» **EXTRACTED RECORDS**
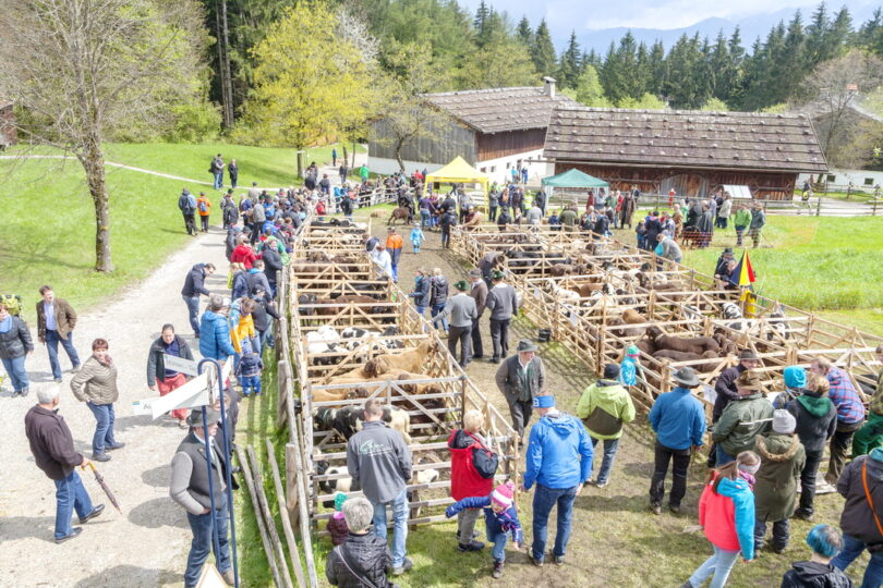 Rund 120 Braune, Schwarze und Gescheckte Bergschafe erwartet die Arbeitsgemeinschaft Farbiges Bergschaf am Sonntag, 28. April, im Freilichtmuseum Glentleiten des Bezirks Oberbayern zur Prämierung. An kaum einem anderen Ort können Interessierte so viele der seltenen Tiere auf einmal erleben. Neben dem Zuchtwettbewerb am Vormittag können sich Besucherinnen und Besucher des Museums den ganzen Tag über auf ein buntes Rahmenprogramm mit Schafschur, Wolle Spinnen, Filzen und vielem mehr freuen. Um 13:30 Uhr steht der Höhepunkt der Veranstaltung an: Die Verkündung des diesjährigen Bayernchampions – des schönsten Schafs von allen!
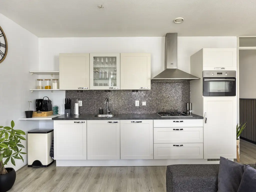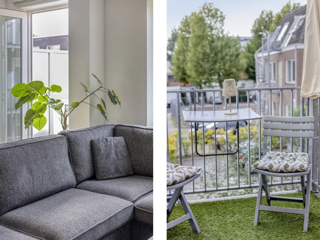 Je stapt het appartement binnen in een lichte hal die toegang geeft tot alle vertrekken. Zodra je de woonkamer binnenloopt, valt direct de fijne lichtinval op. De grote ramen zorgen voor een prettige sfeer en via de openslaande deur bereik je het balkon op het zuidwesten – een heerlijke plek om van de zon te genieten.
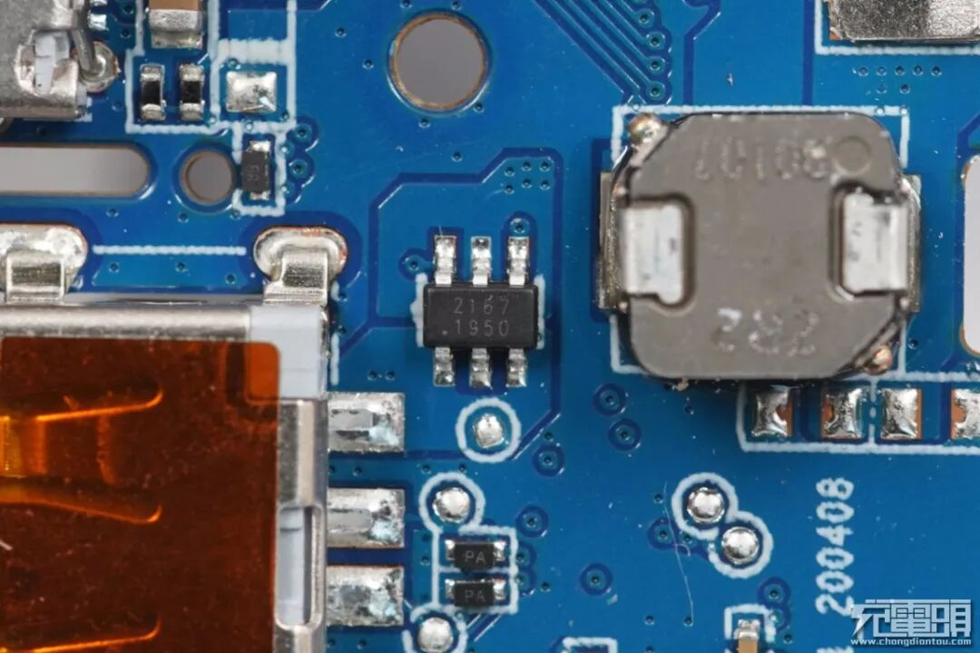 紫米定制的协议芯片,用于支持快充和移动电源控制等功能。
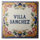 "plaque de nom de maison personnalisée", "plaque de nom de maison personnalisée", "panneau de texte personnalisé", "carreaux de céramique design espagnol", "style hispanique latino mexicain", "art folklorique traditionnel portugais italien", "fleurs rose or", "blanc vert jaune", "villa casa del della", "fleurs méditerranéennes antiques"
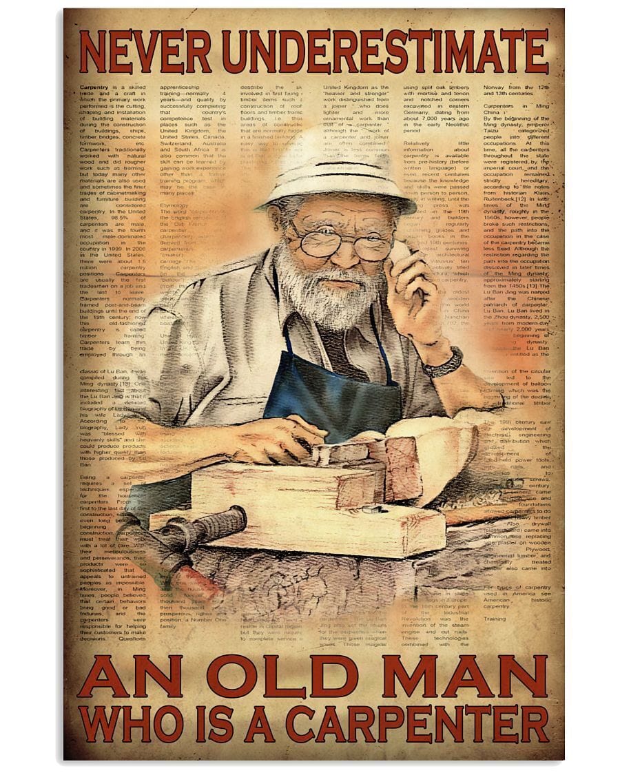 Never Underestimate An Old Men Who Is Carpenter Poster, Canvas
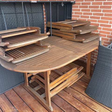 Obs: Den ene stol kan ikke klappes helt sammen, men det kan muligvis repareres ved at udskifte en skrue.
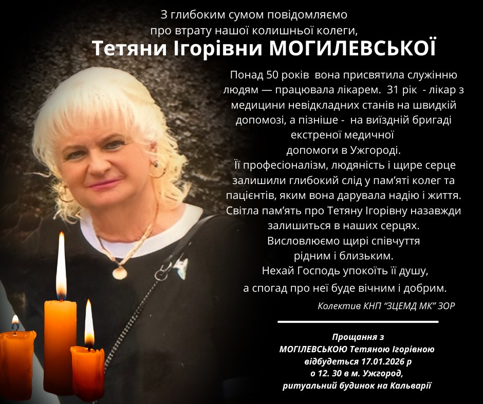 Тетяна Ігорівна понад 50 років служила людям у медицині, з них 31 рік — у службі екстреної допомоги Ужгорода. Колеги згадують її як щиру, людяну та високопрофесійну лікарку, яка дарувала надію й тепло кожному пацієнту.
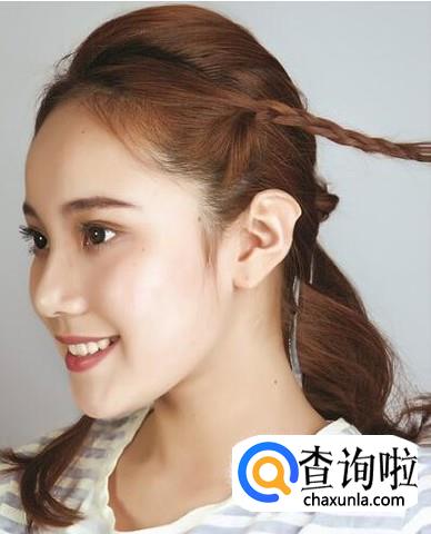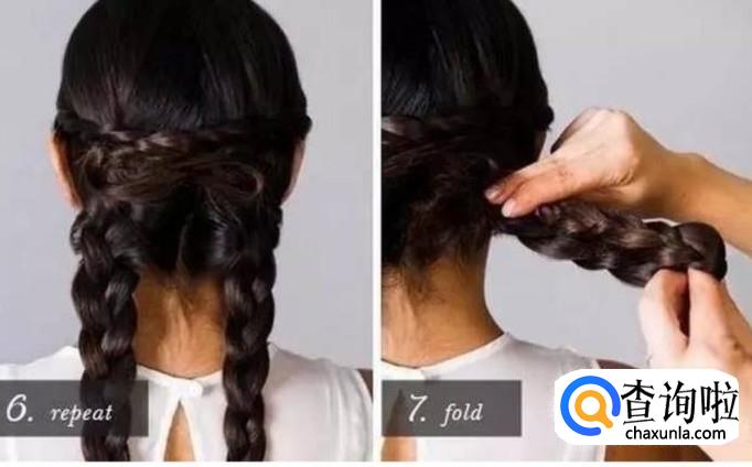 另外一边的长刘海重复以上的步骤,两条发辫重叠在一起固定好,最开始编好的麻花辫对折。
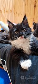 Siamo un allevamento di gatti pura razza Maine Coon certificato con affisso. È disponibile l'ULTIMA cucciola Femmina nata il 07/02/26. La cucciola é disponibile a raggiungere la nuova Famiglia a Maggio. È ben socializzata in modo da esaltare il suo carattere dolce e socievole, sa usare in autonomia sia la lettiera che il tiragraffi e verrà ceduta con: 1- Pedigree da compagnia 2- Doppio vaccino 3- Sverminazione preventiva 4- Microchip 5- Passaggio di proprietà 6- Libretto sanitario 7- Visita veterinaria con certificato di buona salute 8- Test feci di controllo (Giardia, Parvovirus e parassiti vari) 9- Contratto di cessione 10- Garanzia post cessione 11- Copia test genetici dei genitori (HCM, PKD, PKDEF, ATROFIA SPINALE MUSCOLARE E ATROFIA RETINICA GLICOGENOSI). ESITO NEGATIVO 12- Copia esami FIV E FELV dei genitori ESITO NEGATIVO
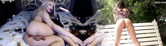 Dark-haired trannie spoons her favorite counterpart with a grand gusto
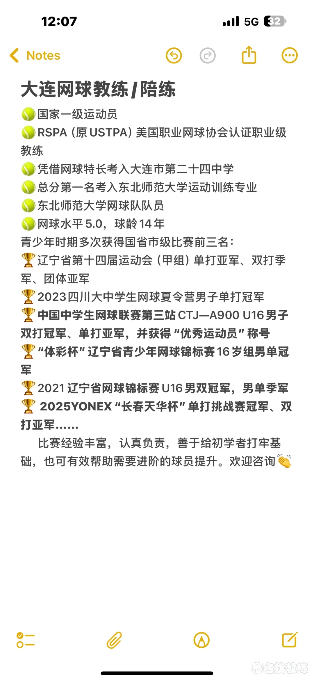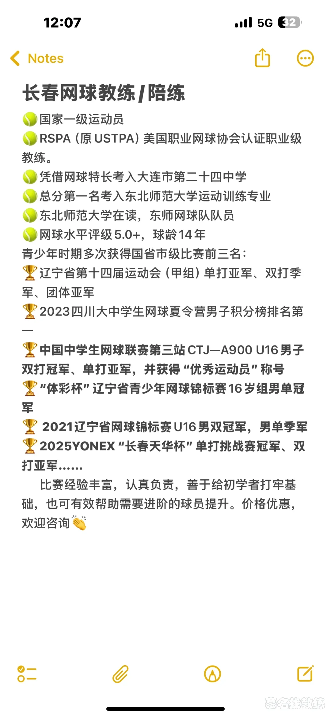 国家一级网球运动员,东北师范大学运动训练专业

» **PROMPT**
What is needed is a verbatim copy of the lines from the line with "Dark-haired trannie spoons" through the last line of the listing, pictures excluded.

» **EXERCISE RESULT**
 Dark-haired trannie spoons her favorite counterpart with a grand gusto
 国家一级网球运动员,东北师范大学运动训练专业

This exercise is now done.